Insert bar code for javausing birt reports tocreate bar code on asp.net web,windows application

EXAMPLE 2-29

Microsoft Word uss-128 development in microsoft wordusing barcode implementation for word control to generate, create ean/ucc 128 image in word applications.

We can answer the question posed at the start of this section as follows: The probability requested can be expressed as P1H 0 F2. Then, P1H F2 P1F H2P1H2 P1F2 0.1010.202 0.0235 0.85

PDF 417 barcode library on vb.netuse asp.net crystal pdf417 development toattach pdf417 for visual basic

The value of P(F) in the denominator of our solution was found in Example 2-20. In general, if P(B) in the denominator of Equation 2-11 is written using the Total Probability Rule in Equation 2-8, we obtain the following general result, which is known as Bayes Theorem.

Control code 128c image on microsoft excelgenerate, create code 128 code set c none on excel projects

Bayes Theorem

Barcode 128 barcode library with visual basic.netgenerate, create code 128b none with vb.net projects

If E1, E2, p , Ek are k mutually exclusive and exhaustive events and B is any event, P1E1 B2 P1B E1 2P1E1 2 P1B E1 2P1E1 2 p P1B E2 2P1E2 2 P1B Ek 2P1Ek 2 for P1B2 0 (2-12)

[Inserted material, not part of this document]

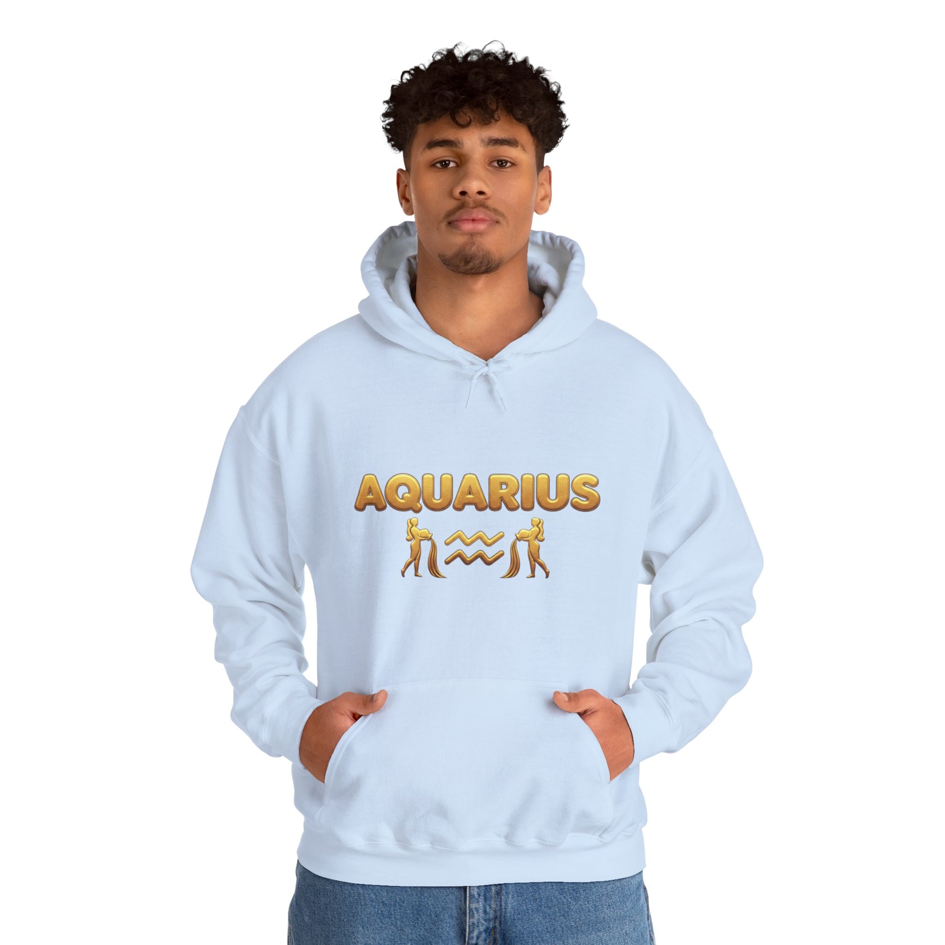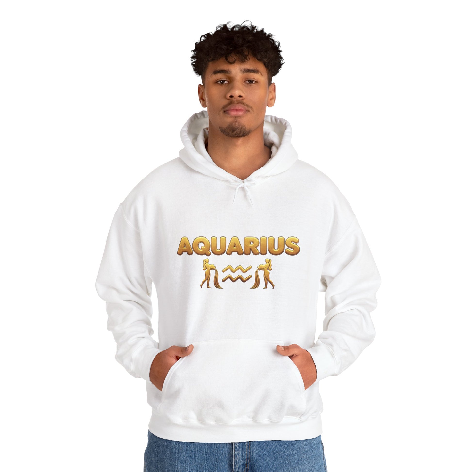 Aquarius Zodiac Hoodie — Gold Astrology Graphic Hooded Sweatshirt

Bar Code 39 barcode library in visual c#use .net framework code 3/9 creator topaint code39 in visual c#

EXAMPLE 2-30

Control upc code size for visual basicto deploy upc code and upc barcodes data, size, image with visual basic.net barcode sdk

Because a new medical procedure has been shown to be effective in the early detection of an illness, a medical screening of the population is proposed. The probability that the test correctly identi es someone with the illness as positive is 0.99, and the probability that the test correctly identi es someone without the illness as negative is 0.95. The incidence of the illness in the general population is 0.0001. You take the test, and the result is positive. What is the probability that you have the illness Let D denote the event that you have the illness, and let S denote the event that the test signals positive. The probability requested can be denoted as P1D S2 . The probability that the test correctly signals someone without the illness as negative is 0.95. Consequently, the probability of a positive test without the illness is P1S D 2 From Bayes Theorem, P1D S2 0.9910.00012 30.9910.00012 1 506 0.002 P1S D2P1D2 3P1S D2P1D2 P1S D 2P1D 2 4 0.0511 0.00012 4 0.05

Surprisingly, even though the test is effective, in the sense that P1S 0 D2 is high and P1S D 2 is low, because the incidence of the illness in the general population is low, the chances are quite small that you actually have the disease even if the test is positive.